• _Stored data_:
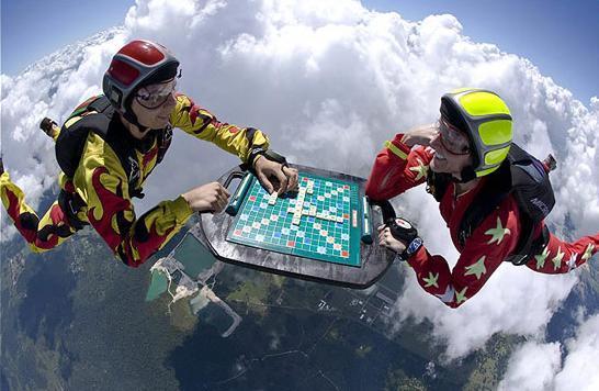 ボードゲームのスクラブルの誕生60周年を記念し、米國(guó)の2人のパラシューターは高さ4000メートルの上空でスクラブル対戦をした。
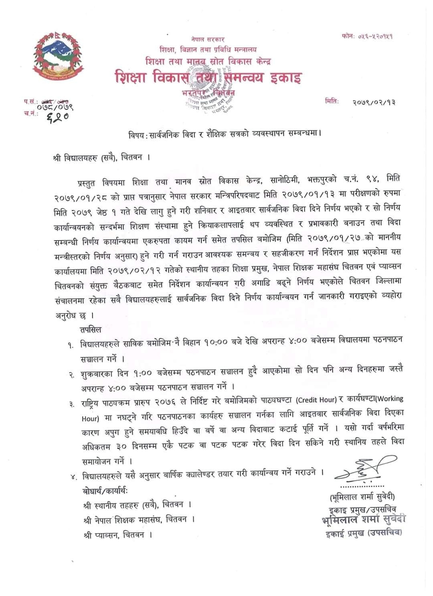 चितवनका विद्यालयमा हप्ताको दुई दिन बिदा
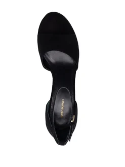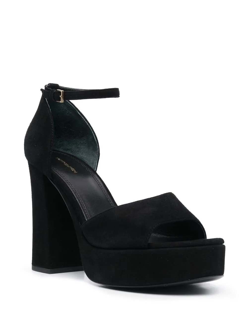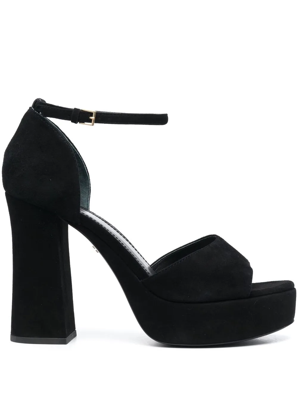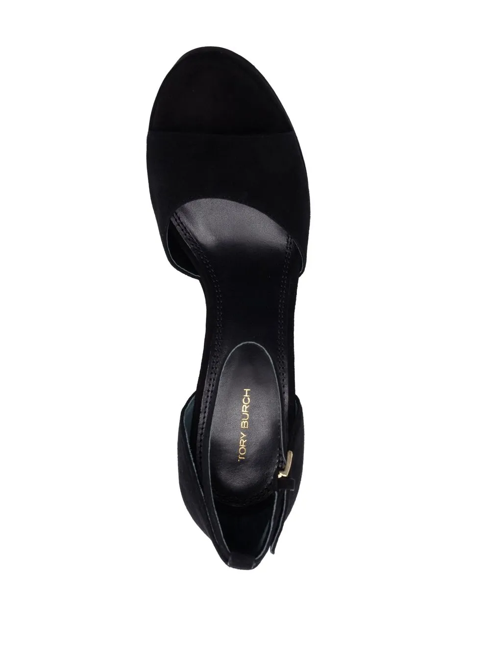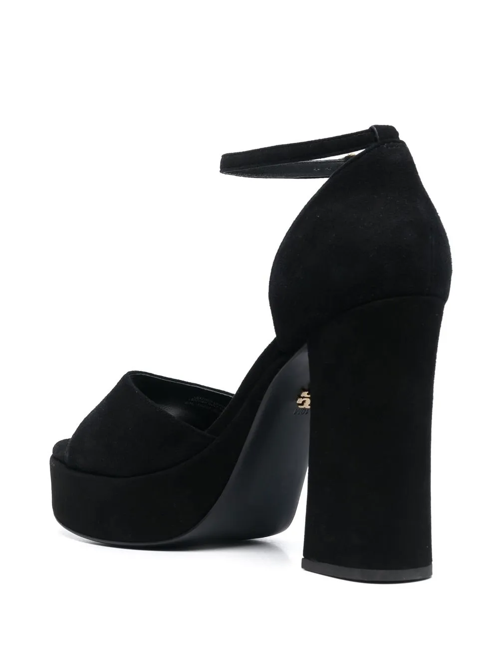 120mm leather platform sandals from TORY BURCH featuring jet black, calf leather, buckle-fastening ankle strap, branded leather insole, open toe, platform sole and high block heel.
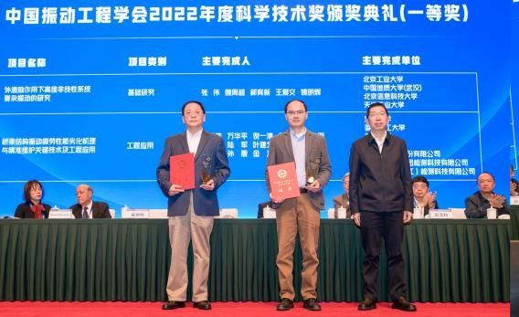 本次会议期间举行了中国振动工程学会2022年度科学技术奖、青年科技奖和首届国际学术贡献奖颁奖典礼,翟婉明院士为科学技术奖获奖项目颁奖,李杰院士为青年科技奖获奖者颁奖,胡海岩院士为Ahsan Kareem教授颁发国际学术贡献奖。
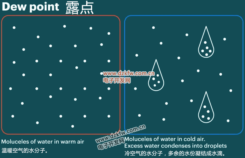 圖1因此,所謂的露點(diǎn)是空氣相對(duì)濕度達(dá)到 100% 時(shí)水蒸氣開(kāi)始“析出”即凝結(jié)的溫度。換句話說(shuō),露點(diǎn)是空氣需要冷卻到一定溫度才能釋放出水凝結(jié)物(出現(xiàn)露水)。
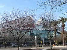 The exterior is post-modern futurist in style and consists of dull-finished stainless steel and glass panels with an angular roofline, meant to evoke the peaks of the nearby Sierra Nevada mountains. The building is five stories in total. The central interior space is the council chamber, but it also houses the mayor's office, the finance department, the public works department, the economic resources department and other offices. The council chamber has public seating with a capacity for 249 people. The chamber also features natural light coming in through a skylight located in the gap between the two peaks.[1][2][3]

• _Exercise goal_: Each entry above must be repeated word for word, minus its images.

• _Result of the task_:
 ボードゲームのスクラブルの誕生60周年を記念し、米國(guó)の2人のパラシューターは高さ4000メートルの上空でスクラブル対戦をした。
 चितवनका विद्यालयमा हप्ताको दुई दिन बिदा
 120mm leather platform sandals from TORY BURCH featuring jet black, calf leather, buckle-fastening ankle strap, branded leather insole, open toe, platform sole and high block heel.
 本次会议期间举行了中国振动工程学会2022年度科学技术奖、青年科技奖和首届国际学术贡献奖颁奖典礼,翟婉明院士为科学技术奖获奖项目颁奖,李杰院士为青年科技奖获奖者颁奖,胡海岩院士为Ahsan Kareem教授颁发国际学术贡献奖。
 圖1因此,所謂的露點(diǎn)是空氣相對(duì)濕度達(dá)到 100% 時(shí)水蒸氣開(kāi)始“析出”即凝結(jié)的溫度。換句話說(shuō),露點(diǎn)是空氣需要冷卻到一定溫度才能釋放出水凝結(jié)物(出現(xiàn)露水)。
 The exterior is post-modern futurist in style and consists of dull-finished stainless steel and glass panels with an angular roofline, meant to evoke the peaks of the nearby Sierra Nevada mountains. The building is five stories in total. The central interior space is the council chamber, but it also houses the mayor's office, the finance department, the public works department, the economic resources department and other offices. The council chamber has public seating with a capacity for 249 people. The chamber also features natural light coming in through a skylight located in the gap between the two peaks.[1][2][3]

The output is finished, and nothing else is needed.